Creating a new derived builder image

In the case of pulling the S2I scripts from a separate web server, although it allowed the custom scripts to be applied to multiple applications, a change to the scripts can't be used to trigger a new build of all applications relying on the scripts.

If you need to be able to trigger builds when the custom S2I scripts are changed, you will need to create a new derived Docker image. In this image you will supply your own versions of the scripts. A new build of applications dependent on the scripts, would then be able to be triggered by updating the builder image.

FROM centos/python-27-centos7

USER root

COPY assemble /usr/libexec/s2i/
COPY run /usr/libexec/s2i/

USER 1001

If you override the existing scripts by copying over the originals, then you may need to switch to the root user to ensure you have the appropriate access to replace the originals. Ensure you set USER back to the integer UID of the default S2I user defined by the S2I builder image.

By replacing the original scripts you will not though be able to invoke them if your own scripts were intended just as wrappers around the originals.

A better way is to copy your versions of the S2I scripts to a new location and update the io.openshift.s2i.scripts-url label on the Docker image, which is used to indicate where the scripts are located.

FROM centos/python-27-centos7

COPY assemble /opt/app-root/s2i/bin/
COPY run /opt/app-root/s2i/bin/

LABEL io.openshift.s2i.scripts-url="image:///opt/app-root/s2i/bin"

This new Docker image could be built externally to OpenShift and pushed up to a registry so it can be used, or you could use oc new-build to build it in OpenShift. Subsequent builds would then use the resulting Docker image as the S2I builder instead of python:2.7.

Note that we create a new derived Docker image rather than fork the source code repository for the original builder. This is because if a fork of the source code for the original builder was made, you would then need to maintain it and keep it up to date with respect to the original source code.

By instead creating a derived image and only overriding the S2I scripts, we can rely on triggers to automatically rebuild the derived Docker image when the base image for the original builder is updated. This ensures we automatically get any security updates in any packages installed as part of the original builder image, as well as any of its base images.
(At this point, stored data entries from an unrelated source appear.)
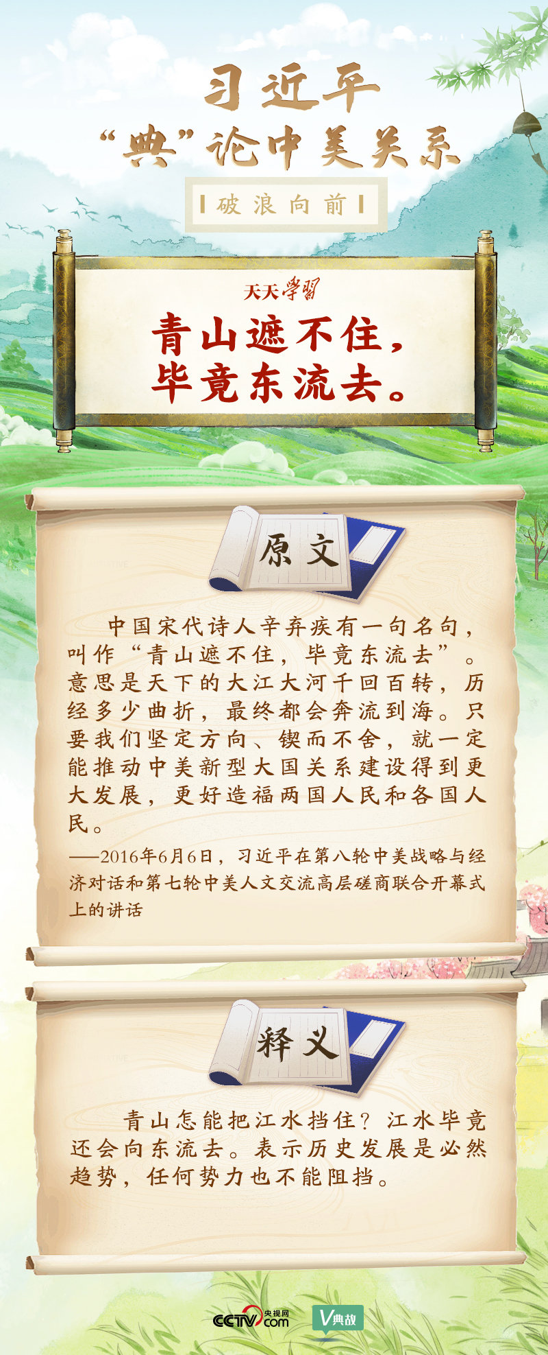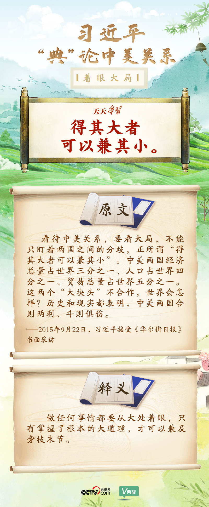 黨的十八大以來,習近平主席就中美關系發(fā)表了一系列重要講話。他站在時代高度分析、研判中美關系現(xiàn)狀及發(fā)展趨勢,并引經(jīng)據(jù)典為發(fā)展中美關系指出正確方向。這些論述蘊含深刻的戰(zhàn)略思維和政治智慧,具有重大現(xiàn)實意義和深遠歷史意義。央視網(wǎng)《天天學習》與您一起深刻領會。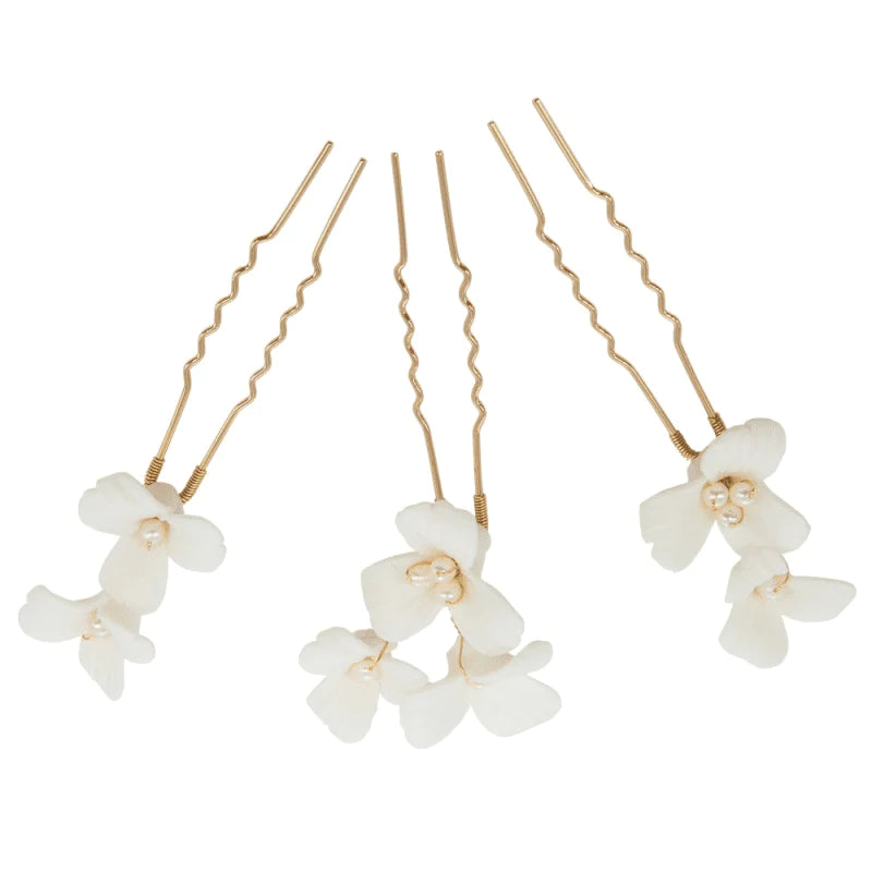 Beautiful handcrafted ceramic flower hair pins, beautifully decorated with ivory pearls in the centre of each flower and then delicately hardwired onto a gold finish pin. These hair pins look wonderful scattered through many different wedding hairstyles to create the prettiest floral accent. In each set there are three pins. One pin has three flowers and the two other pins are smaller with just two flowers attached.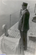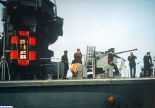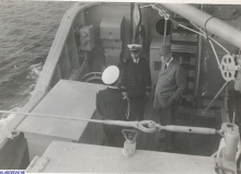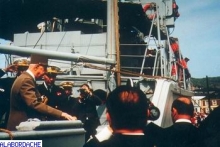 Saint Pierre et Miquelon, le 20 juillet 1967. Le général De Gaulle sur la plage avant de l'Acrturus à bord duquel il a hissé sa marque de commandement pour se rendre du croiseur Colbert, à terre à Saint Pierre. J'ai oublié qui est le quartier maître qui tient la défense. De dos, au guindeau, le matelot électricien Jean Claude Grimard.

Wrapping existing S2I builder scripts

As already mentioned, one reason for wanting to provide your own S2I builder scripts is to wrap the default scripts provided with a S2I builder, rather than replace them. You may want to do this to perform additional post build actions or pre deployment steps. A couple of warnings are worth mentioning if wanting to do this.

The first is that if wanting to run actions prior to the original assemble script being run, be aware that your application source code will not have been copied into place at that point. This is because it is the assemble script that copies it to the final location. You will need to look at how the existing assemble script works and replicate the steps if the additional actions you need to run require the source code to be in its final location.

The second is that when wrapping the run script, ensure that the original run script is invoked using exec so that the process for the original script replaces the current process. This is to ensure that the original run script still runs as process ID 1. If this is not done, signal propagation to your hosted application may not work correctly and you will see issues when the container is being shut down.